→ **DATA EXTRACT**
-*-*-
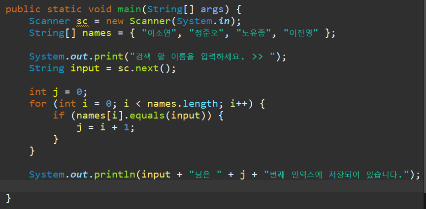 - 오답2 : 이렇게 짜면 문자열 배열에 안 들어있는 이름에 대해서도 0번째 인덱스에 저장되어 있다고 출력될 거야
-*-*-
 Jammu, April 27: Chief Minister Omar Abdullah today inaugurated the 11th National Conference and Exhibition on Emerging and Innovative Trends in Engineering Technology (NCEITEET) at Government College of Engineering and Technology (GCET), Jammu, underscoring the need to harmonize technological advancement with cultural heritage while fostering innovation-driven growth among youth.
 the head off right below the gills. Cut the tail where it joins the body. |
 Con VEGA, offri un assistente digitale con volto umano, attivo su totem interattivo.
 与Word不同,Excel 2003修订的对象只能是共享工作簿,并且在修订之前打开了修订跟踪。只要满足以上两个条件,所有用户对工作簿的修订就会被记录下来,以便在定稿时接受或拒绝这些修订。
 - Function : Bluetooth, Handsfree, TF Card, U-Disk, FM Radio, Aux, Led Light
-*-*-
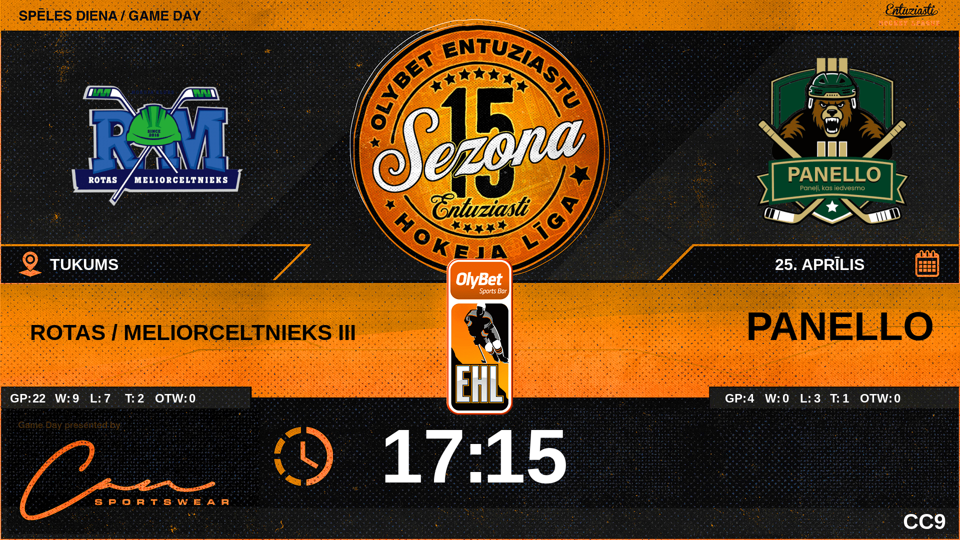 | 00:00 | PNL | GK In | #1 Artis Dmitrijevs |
-*-*-
→ **YOUR GOAL**
Would you output, from the records above, exactly the run of lines that starts at the line containing "Jammu, April 27: Chief" and ends at the line containing "- Function : Bluetooth, Handsfree, TF", and only that run?

→ **ANSWER BELOW**
 Jammu, April 27: Chief Minister Omar Abdullah today inaugurated the 11th National Conference and Exhibition on Emerging and Innovative Trends in Engineering Technology (NCEITEET) at Government College of Engineering and Technology (GCET), Jammu, underscoring the need to harmonize technological advancement with cultural heritage while fostering innovation-driven growth among youth.
 the head off right below the gills. Cut the tail where it joins the body. |
 Con VEGA, offri un assistente digitale con volto umano, attivo su totem interattivo.
 与Word不同,Excel 2003修订的对象只能是共享工作簿,并且在修订之前打开了修订跟踪。只要满足以上两个条件,所有用户对工作簿的修订就会被记录下来,以便在定稿时接受或拒绝这些修订。
 - Function : Bluetooth, Handsfree, TF Card, U-Disk, FM Radio, Aux, Led Light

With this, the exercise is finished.